1) Preprocess headlines of stories they share (not actual tweets)

2) Lemmatize

3) Tokenize common ngrams

4) Model & cluster topics

5) Model & cluster users

6) Visualize

# 1. Preprocess

- Problem: u.k. -> 'u' , 'k' -> 💨

- Problem: 's&p 500', 's & p 500', 's. & p. 500', 's and p 500' -> 's' , 'p' -> 💨 

- Problem: 'the fed' -> 'feed' 💩

- Solution: 'u_k', 's_p_500', 'the_fed' 👍🏻

# 2. Lemmatize

- 'Allies' -> 'ally'
- 'Exploring' -> 'explore'
- Treat all variations of words the same for purpose of topic analysis

# 3. Tokenize ngrams (after lemmatizing)

- 'social' suggests one set of topics
- 'security' suggest another set of topics
- 'social security' suggests a third set of topics
- Combine into 'social_security'
- 300 common ngrams


# Ngrams
    (('associated', 'press'), 1966),
    (('attorney', 'general'), 431),
    (('bank', 'america'), 1014),
    (('bank', 'england'), 1594),
    (('barack', 'obama'), 253),
    (('basic', 'income'), 105),
    (('bbc', 'radio'), 264),
    (('ben', 'carson'), 1063),
    (('bernie', 'sander'), 5528),
    (('big', 'data'), 476),
    (('bill', 'gate'), 234),
    (('bond', 'market'), 1200),
    (('border', 'wall'), 112),
    (('central', 'bank'), 6407),
    (('charge', 'with'), 251),
    (('chief', 'executive'), 3278),
    (('chris', 'christie'), 1023),
    (('climate', 'change'), 2769),
    (('climate', 'deal'), 112),
    (('credit', 'card'), 1356),
    (('credit', 'suisse'), 1345),

# Result: Corpus

    China’s Xi Jinping hits out at ‘law of the jungle’ trade policies
    UK business leaders call for ‘people’s vote’ on Brexit deal
    Theresa May to warn pro-Brexit ministers time is running out
    MGM Casino exploring Caesars merger: sources
    China Seeks Allies as Trump’s Trade War Mounts.
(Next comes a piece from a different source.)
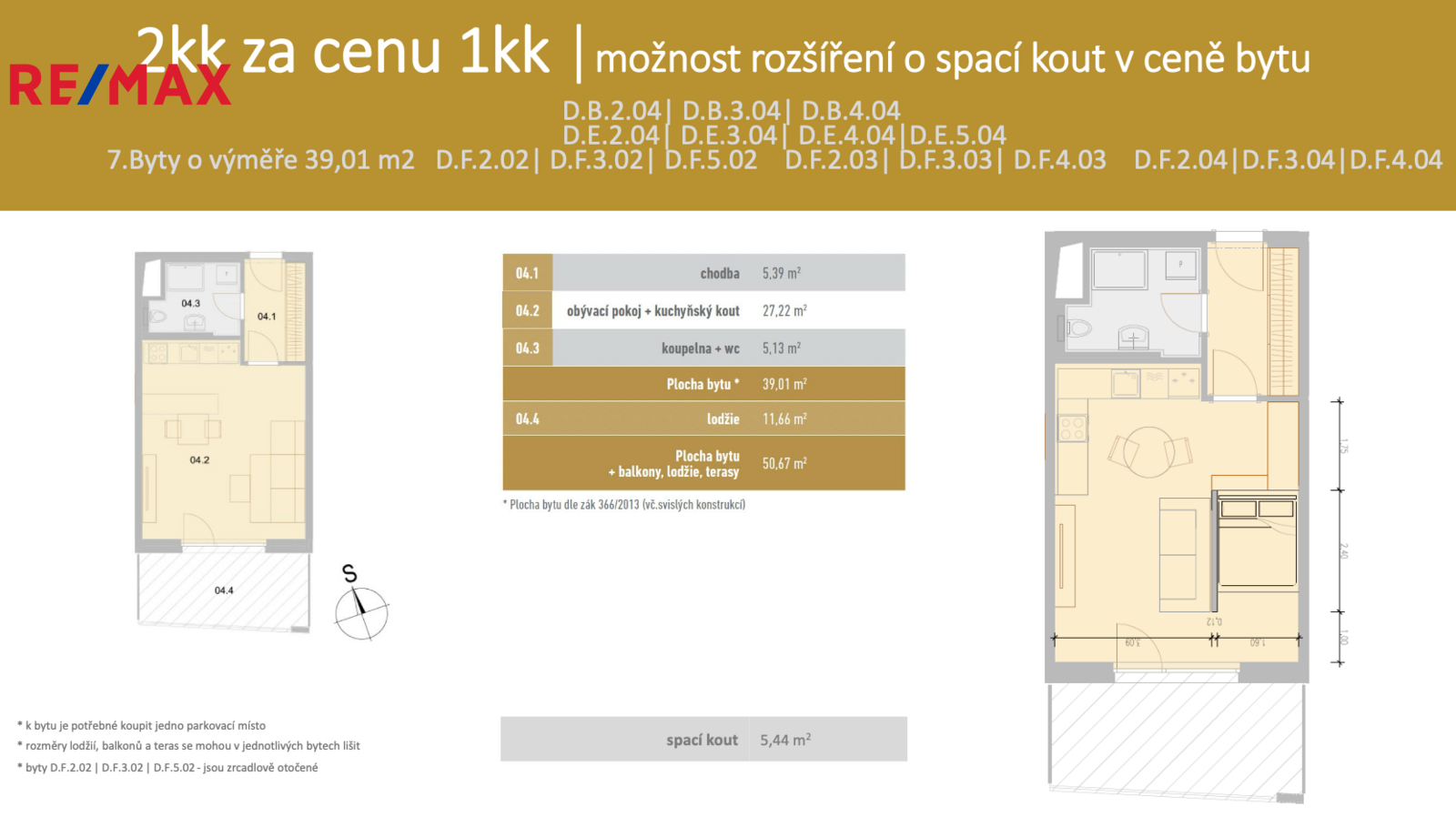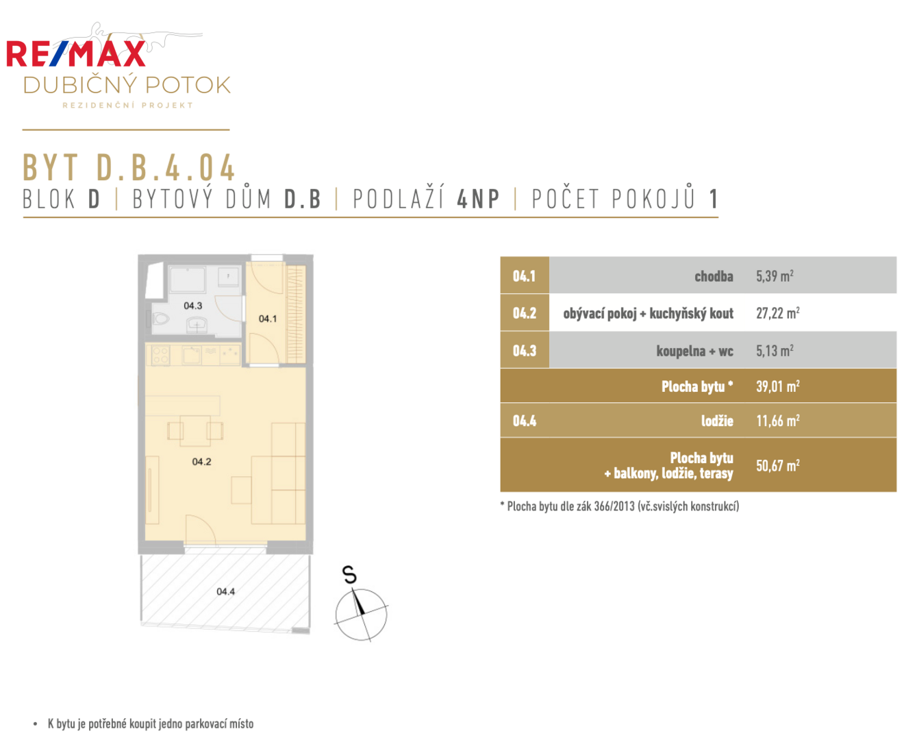 Nabízíme bytovou jednotku D.B.4.04. Dispozice 2+kk za cenu 1+kk o celkové výměře 50,67 m2 vás nadchne svým komfortem a luxusním životním stylem. U vybraných bytů vám totiž nabízíme možnost úpravy dispozic formou příčky bez navýšení ceny. Touto úpravou si oddělíte spací prostor od obytné místnosti.

It Won’t Be Easy.
    Wealthy Americans Assure Populace That Heavily Armed Floating City Being Built Above Nation Has Nothing To Do With Anything
    Fewer Stars to Rise at Goldman Sachs as Partnership Class Shrinks
    S&P 500 Earnings Season Update: November 2, 2018
    
    china xi jinping hit law jungle trade policy
    uk business leader call people vote brexit deal
    theresa_may warn pro brexit minister time run
    mgm casino explore caesar merger source
    china seek ally trump trade_war mount win easy
    wealthy american assure populace heavily arm float city build nation nothing anything
    star rise goldman_sachs partnership class shrink
    s_p_500 earnings season update november 2018


# 4. Topic analysis

- Train corpus on 80 Topics
    - LSI (Latent Semantic Indexing)
    - NMF (Non-negative Matrix Factorization)
    - LDA (Latent Dirichlet Allocation)
        - rejected - slow, poor results on short docs
- Word2Vec (300-vectors)
    - Initialized to Google News
    - Trained further using the headline corpus
    - Average vectors for each headline

## Start Word2vec training
![w2v1.png](w2v1.png)

## End Word2vec training
![w2v2.png](w2v2.png)

In [30]:
import pickle
import random

from sklearn.manifold import TSNE

import plotly as py
from plotly.offline import download_plotlyjs, init_notebook_mode, plot, iplot
from plotly.graph_objs import *
import plotly.figure_factory as ff
init_notebook_mode(connected=True)

pickle_list = pickle.load( open( "embeddings.pkl", "rb" ) )
embed_dict, embed_reverse, embeddings = pickle_list

chart_width=720
chart_height=580

def do_tsne(doc_vectors, perplexity=5):
    tsne = TSNE(perplexity=perplexity,
                n_components=2,
                init='pca',
                n_iter=5000)

    two_d_vectors = tsne.fit_transform(doc_vectors)
    return two_d_vectors

def headline_scatterplot(vectors, labels, clusters=None, title="", justlabels=False):
    if clusters is not None:
        clusterdict=dict(
            size=5,
            color = clusters,
            colorscale='Jet',
            showscale=True
        )
    else:
        clusterdict=dict(
            size=5,
            showscale=False
        )

    if justlabels:
        mode = 'text'
        hoverlabel = dict(
            bgcolor = '#FF99CC'
        )
    else:
        mode = 'markers'
        hoverlabel = dict(
            bgcolor = '#CCCCCC',
            font = dict(
                family='serif',
                size=16,
                color='#000000'
            )
        )

    trace = Scatter(
        x = vectors[:,0],
        y = vectors[:,1],
        text = labels,
        hoverinfo = 'text',
        hoverlabel= hoverlabel,
        mode = mode,
        textfont = dict(
            family='sans serif',
            size=10,
            color='#1f77b4'       
        ),
        marker=clusterdict
    )
    data = [trace]
    
    layout = Layout(
        title = title,
        height=chart_height,
        width=chart_width,
#        margin=dict(b=kwargs['bottom_margin']),
    )

    # Plot and embed in ipython notebook!
    iplot(Figure(data=data,layout=layout), filename='basic-scatter')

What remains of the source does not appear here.